Möchtest du den Lohnsteuerjahresausgleich für deine Mitarbeitenden machen, solltest du zunächst prüfen, wer überhaupt Anspruch auf den Ausgleich hat. Da es eine ganze Reihe an Ausnahmen gibt, sind das meist nicht alle Mitarbeitenden.

Die Berechnung des Lohnsteuerjahresausgleichs erfolgt in wenigen Schritten:

  1. Jahresbruttolohn ermitteln: Dieser setzt sich aus allen Bezügen des Jahres zusammen.
  2. Jahreslohnsteuer ermitteln: Diese kannst du in einer amtlichen Lohnsteuertabelle nachschauen.
  3. Lohnsteuerjahresausgleich berechnen: Bilde die Differenz der ermittelten Jahreslohnsteuer und der tatsächlich monatlich abgeführten Lohnsteuer.

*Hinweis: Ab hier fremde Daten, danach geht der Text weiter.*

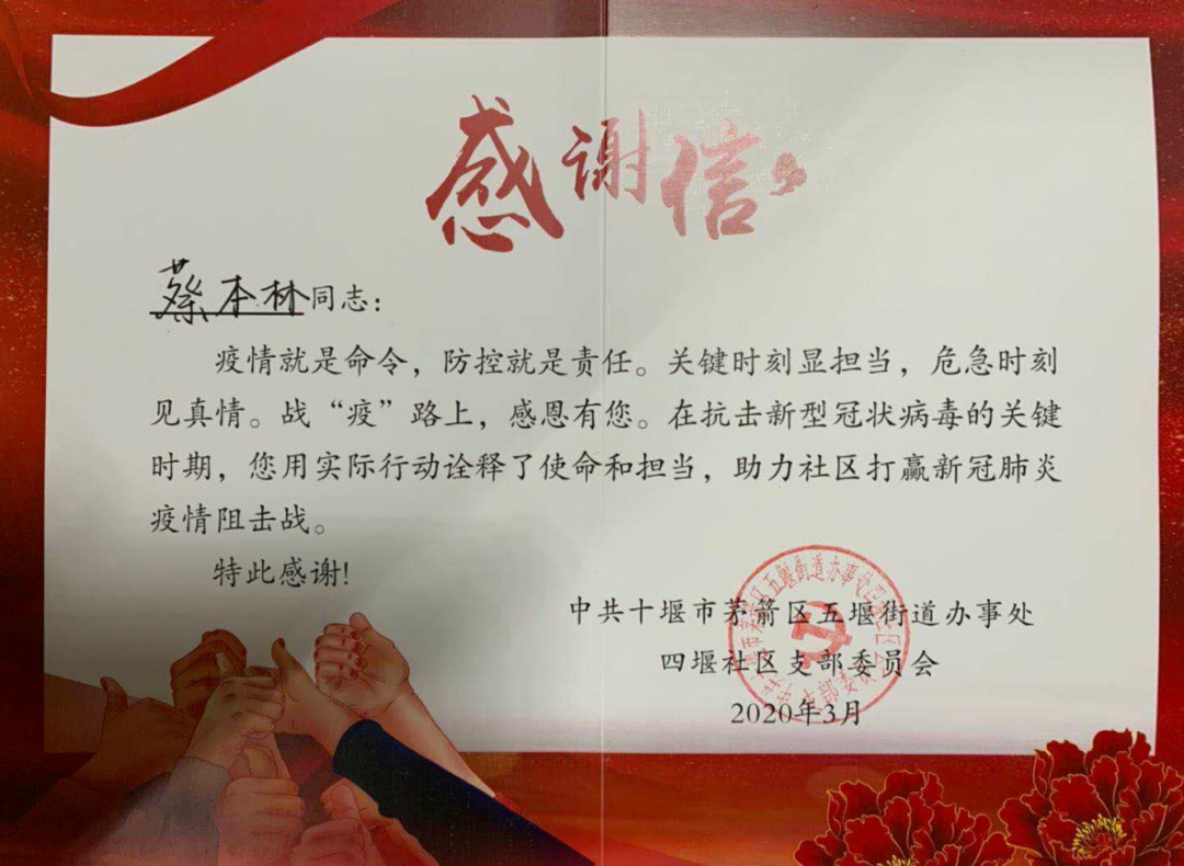 春节期间,疫情越来越严重,各级防疫指挥部接连下发抗疫防控指导文件,所在街道、社区和业委会也很快行动起来了,大家都意识到了事态的严重性,于大年三十23时封城后就开始筹划防疫防控具体措施,由于事出突然,地处疫区偏远山区,虽物业组织采购了一批应急物资,但随着疫情爆发,杯水车薪,尽管物资极度紧缺,但一线防护物资必须要跟上,这个棘手问题就立马凸显出来,最后决定由业委会出面组织、热心业主(旅游协会会长)牵头负责抗疫物资募捐活动和组建小区门岗卡口志愿者服务组,蔡本林听闻后第一个报名参加志愿者服务组并带头捐款1100元整,用于购买消毒液、医用口罩等日常防护物资,同时在十堰头条网等知名媒体募捐版面参与捐款活动,呼吁周围人群积极响应国家号召,“有钱出钱、有力出力”,共同抵御新冠疫情,打好阻击战,夺得攻坚战的最终胜利。

Ist die ermittelte Jahreslohnsteuer geringer, kannst du einen Lohnsteuerausgleich durchführen.
  4. Lohnsteuerjahresausgleich anwenden: Reduziere die Lohnsteuer in der Lohnabrechnung für Dezember um die zuvor ermittelte Differenz. Dies muss auch in der Lohnsteuerbescheinigung erfasst werden.

Fazit: Lohnsteuerjahresausgleich für Selbstständige

Wie du siehst, hast du mit dem Lohnsteuerjahresausgleich als Selbstständige:r oft gar nicht so viel zu tun, da du keine Lohnsteuer, sondern Einkommensteuer zahlst. Hast du noch eine Nebentätigkeit, für die du Lohnsteuer zahlst, kann es sein, dass du von deinem Arbeitgeber einen Lohnsteuerjahresausgleich erhältst. Um diesen musst du dich nicht selbst kümmern.

Bist du selbst Arbeitgeber und hast mindestens 10 Angestellte, sieht die Sache anders aus. Dann musst du den Lohnsteuerjahresausgleich für deine Mitarbeitenden durchführen. Bei weniger als 10 Mitarbeitenden ist der Lohnsteuerjahresausgleich jedoch nicht Pflicht.